As Japan will be taking part of the Group of 20 (G20) summit in Russia, Finance Minister Taro Aso said on Tuesday that Prime Minister Shinzo Abe will be telling the participating nations that his administration will be proceeding with the planned two-stage sales tax hike, a strategy that intends to tighten the country’s fiscal belt. Aso, who will be accompanying Prime Minister Abe to the G20 summit, also added that Japan will be considering compiling extra budget for fiscal spending to ease the pain on the economy.
Aso also said that Japan is unlikely to face criticism from other countries this time about the yen’s weakness that boosts the competitive advantage of its exports. Prime Minister Abe’s aggressive fiscal policies have given Japan’s export-based economy a boost at the start of the year, but industry experts are now looking for sustainable growth for Japan’s chronically sluggish economy. “Japan has launched fiscal and monetary stimulus to pull out of deflation. The yen’s weakness was only a side-effect of that ultimate goal of beating deflation,” Aso said in a news conference after a regular cabinet meeting. Japan is eager to remain in good standing with the G20, and previously, Japan has pledged that it will make efforts to rein in its ballooning public debt which, at this point, is double the size of its US$5 trillion economy – the biggest debt among industrialized nations. The sales tax hike is one of Japan’s strategies to rein in the debt.
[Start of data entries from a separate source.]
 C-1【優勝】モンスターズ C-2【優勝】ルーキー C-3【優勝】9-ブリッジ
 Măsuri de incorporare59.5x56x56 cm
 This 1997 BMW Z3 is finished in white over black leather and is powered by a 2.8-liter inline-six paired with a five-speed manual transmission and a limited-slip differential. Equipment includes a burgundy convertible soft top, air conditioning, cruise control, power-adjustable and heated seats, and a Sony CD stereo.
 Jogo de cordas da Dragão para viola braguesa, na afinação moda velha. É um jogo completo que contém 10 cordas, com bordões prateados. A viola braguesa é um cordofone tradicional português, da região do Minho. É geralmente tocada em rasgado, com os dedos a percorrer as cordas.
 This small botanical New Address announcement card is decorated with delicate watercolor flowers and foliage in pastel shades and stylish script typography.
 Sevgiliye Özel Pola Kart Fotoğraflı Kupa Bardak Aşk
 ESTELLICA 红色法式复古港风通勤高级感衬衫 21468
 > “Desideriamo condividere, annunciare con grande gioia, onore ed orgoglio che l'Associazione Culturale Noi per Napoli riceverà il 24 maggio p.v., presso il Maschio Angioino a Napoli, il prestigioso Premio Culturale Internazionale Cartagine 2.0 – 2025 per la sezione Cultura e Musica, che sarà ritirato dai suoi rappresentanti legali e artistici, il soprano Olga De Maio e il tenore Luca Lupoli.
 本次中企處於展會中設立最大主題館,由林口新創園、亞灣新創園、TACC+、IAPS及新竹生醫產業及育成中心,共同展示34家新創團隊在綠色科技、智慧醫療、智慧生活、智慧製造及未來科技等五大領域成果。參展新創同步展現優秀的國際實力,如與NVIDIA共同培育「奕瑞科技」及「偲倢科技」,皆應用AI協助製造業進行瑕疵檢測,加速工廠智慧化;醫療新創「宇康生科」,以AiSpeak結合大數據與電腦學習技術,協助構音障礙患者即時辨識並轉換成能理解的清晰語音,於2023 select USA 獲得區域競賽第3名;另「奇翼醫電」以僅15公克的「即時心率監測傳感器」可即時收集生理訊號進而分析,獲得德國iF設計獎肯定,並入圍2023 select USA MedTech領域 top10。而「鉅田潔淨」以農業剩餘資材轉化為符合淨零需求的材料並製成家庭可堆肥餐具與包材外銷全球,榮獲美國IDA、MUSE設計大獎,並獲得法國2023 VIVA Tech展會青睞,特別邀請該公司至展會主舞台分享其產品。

Abe is still scheduled to make his final decision on the tax hike by early October, but it is already seen by most in the government as crucial in fixing Japan’s burgeoning debt. There are critics of the tax hike plan as well, and they have called for delaying or watering down the tax hike, fearing that it will decimate what small momentum the initial growth from “Abenomics” has brought to the economy. “Japan’s basic stance is to raise the tax,” said Aso who, as finance minister, has consistently called for the need to raise the sales tax given Japan’s dire fiscal state. Unless Prime Minister Abe vetoes the increase, Japan’s sales tax will be raised to 8 percent in April from the current 5 percent. Stage two will be to increase the 8 percent to 10 percent in October 2015.